» **REQUIRED WORK**
Only some lines are wanted. Transcribe, exactly, the lines below from the line with "2. Дождаться загрузки" up to and including the line with "왼쪽부터 강상수 의원, 박두화".

» **SOURCE INFORMATION**
━━━━━━━━━━━━━━━━━━━━━━━━━━━━━━

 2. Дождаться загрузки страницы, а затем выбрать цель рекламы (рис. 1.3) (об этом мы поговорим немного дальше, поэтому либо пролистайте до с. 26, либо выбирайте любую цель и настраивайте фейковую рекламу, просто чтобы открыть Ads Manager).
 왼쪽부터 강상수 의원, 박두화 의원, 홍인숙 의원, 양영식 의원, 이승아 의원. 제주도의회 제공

━━━━━━━━━━━━━━━━━━━━━━━━━━━━━━

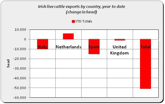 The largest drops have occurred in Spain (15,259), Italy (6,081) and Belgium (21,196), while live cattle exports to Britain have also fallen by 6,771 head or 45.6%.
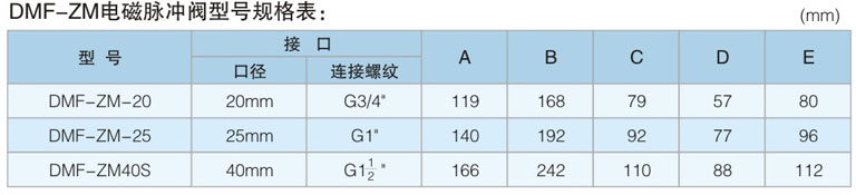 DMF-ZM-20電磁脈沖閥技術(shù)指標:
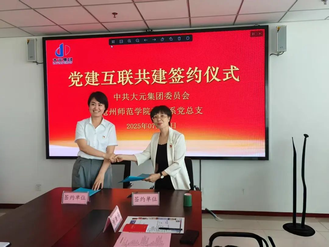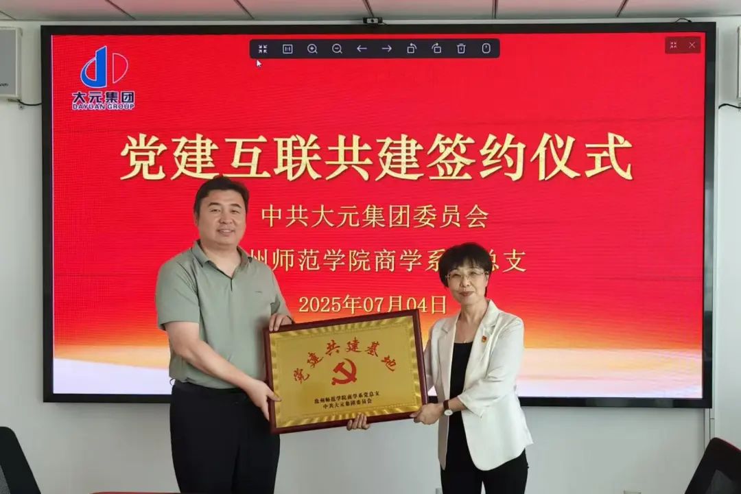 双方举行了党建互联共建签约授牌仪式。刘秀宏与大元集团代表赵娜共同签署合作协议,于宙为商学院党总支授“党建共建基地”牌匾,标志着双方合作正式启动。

━━━━━━━━━━━━━━━━━━━━━━━━━━━━━━

» **RESPONSE AREA**
 2. Дождаться загрузки страницы, а затем выбрать цель рекламы (рис. 1.3) (об этом мы поговорим немного дальше, поэтому либо пролистайте до с. 26, либо выбирайте любую цель и настраивайте фейковую рекламу, просто чтобы открыть Ads Manager).
 왼쪽부터 강상수 의원, 박두화 의원, 홍인숙 의원, 양영식 의원, 이승아 의원. 제주도의회 제공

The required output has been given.